Scharff also said having seniors on the team helps give them a competitive edge.

“It is a big advantage to have seniors on the team,” Scharff said. “They have been hearing these questions since ninth grade.” There are, however, disadvantages to having such a well-developed team. Scharff said that it is difficult to bring younger members into the group because they are often intimidated by what the seniors know and how well they perform.

“Especially this year because this team has gotten so good, it’s difficult to get kids behind them,” Scharff said. “It’s hard to convince them that they can become that good, but they can, like these kids.”

And his team got that good, in part, by meeting regularly for practice.

“When we meet for practice, sometimes we simulate games with the buzzer system,” Scharff said. “Other times, I just throw out questions.
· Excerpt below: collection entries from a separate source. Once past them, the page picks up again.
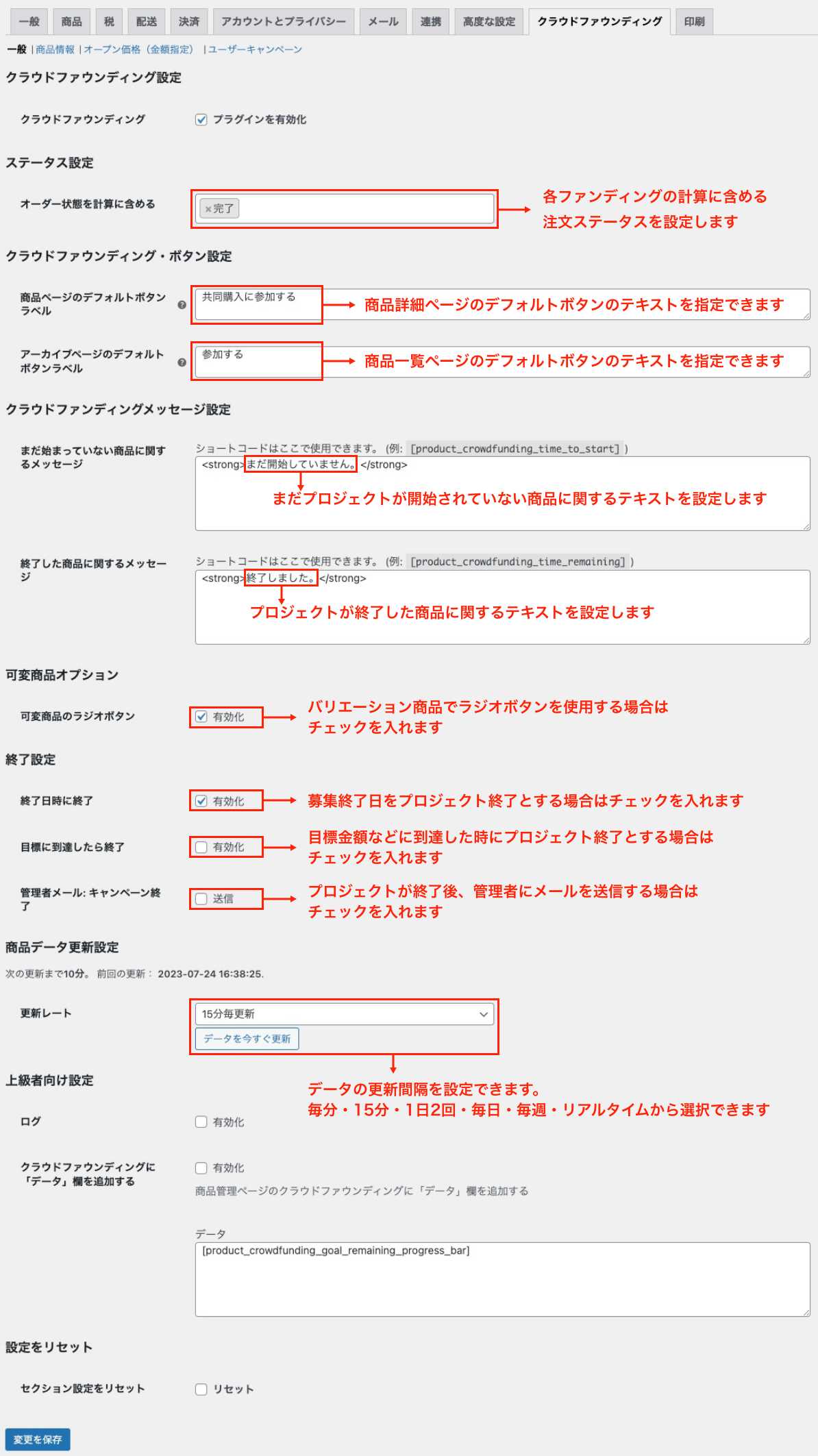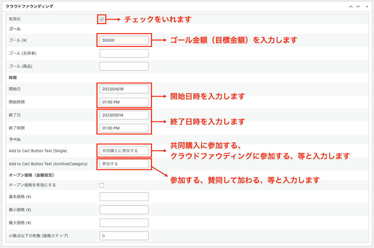 登録されている商品のクラウドファウンディングの設定画面に必要事項を入力します。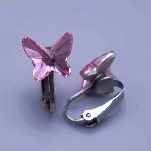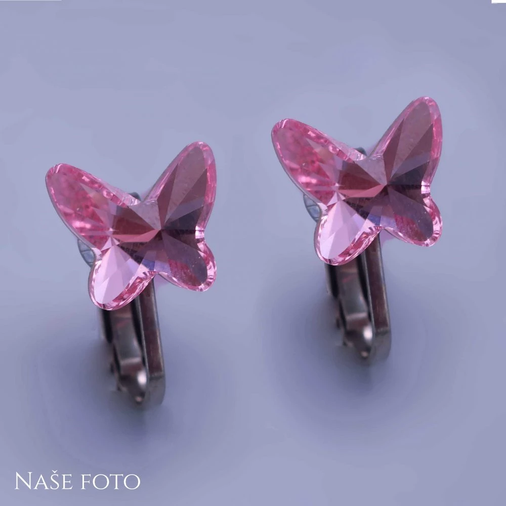 Dámské náušnice z chirurgické oceli zdobené motýlkem Swarovski světle růžové barvy. Zajímavostí těchto náušnice je jejich pohodlné klipsové zapínání, díky kterému jsou ideální pro ženy bez ušních dírek. Zapínání náušnic je na chirurgické oceli a jsou tedy mimo jiné vhodné pro alergiky na běžné kovy. Náušnice jsou lehké, decentní a příjemné na Vaše každodenní nošení.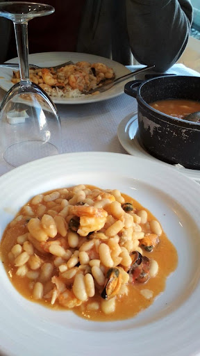 Muito fraquinho, tem bom aspeto e bom espaço mas não mais do que isso. A pass da net por cima da caixa é dos poucos pontos favoráveis. No WC não tem luz sobre o único lavatório. Na parte dos homens apenas uma sanita com o autoclismo em mau estado, o chão molhado e um ferrolho da porta que mal se mantém. Pedimos caldeirada para 2 pessoas. Quem quer caldeirada espera provar vários tipos de peixe em pequenas quantidades. Não foi o caso, veio uma caldeirada para 2 pessoas com 3 postas de peixe grandes. Não ia ser eu a andar a estrincaçar o peixe com a colher dentro da panela, por isso a experiência da caldeirada é basicamente tirar uma posta para o prato, um camarão e comer com batata e cebolada. Não é isto que espero quando peço uma caldeirada. Numa caldeirada a sério quero 2 torradas de pão tradicional que servem de base ao prato e que ensopo com diversos pedaços de peixes variados, batata, cebola, tomate e pimento. Aqui houve 3 postas de peixe grandes, 3 camarões e uma pele de raia, numa panela com batata, cebola, pouco tomate e pimento. Sobremesas muito pouco elaboradas. Nada me faz voltar cá. P. S. : Uma hora...

I’ve accumulated tons of question sets.” Scharff has large stacks of questions that he can draw from.

When it comes to preparing his team, the advisor likes to give them a challenge.

“When I have a team this good, I like to use college-level questions.”

It was the welcoming environment of those practice sessions that kept now-captain Morse coming back for more. Morse said his teammate, Sensharma, encouraged him to join the group during his ninth-grade year.

“I enjoyed it,” Morse said. “I didn’t know that much, but it was a nice atmosphere.”

From there, Morse was given a list of terms to look over to begin digging into the fields questions would be drawn from, “forming associations” between terms and expanding his knowledge. It helps that Morse is a “voracious reader,” according to Scharff.

Though the team might be the winningest of the George Mason franchise, even home meets don’t draw a large crowd.

“Because quiz bowl is not the best spectator sport, it’s not like we draw spectators other than family and friends,” Scharff said. “It’s not like a football team or a basketball team in terms of the greater public [involvement].”

“It’s really fun to watch because the kids have such a good time playing,” said Ericka Schlager, mother to Jakob Hand and one of George Mason parents to attend Monday’s meet. “Mr. Scharff has really inspired them.”

Along with the joy of success in competition, the team is also just excited to be learning new and interesting information.

“They like winning, but they get a kick out of learning stuff,” Scharff said.

The team will return to play after winter break for two matches on Jan. 10. They will then compete Jan. 22 at the district tournament with the hopes of returning to the state tournament to bring home another title.

The team’s competition on WRC-TV’s “It’s Academic” show, taped last month, will be aired on Christmas morning, Dec. 25, at 11 a.m.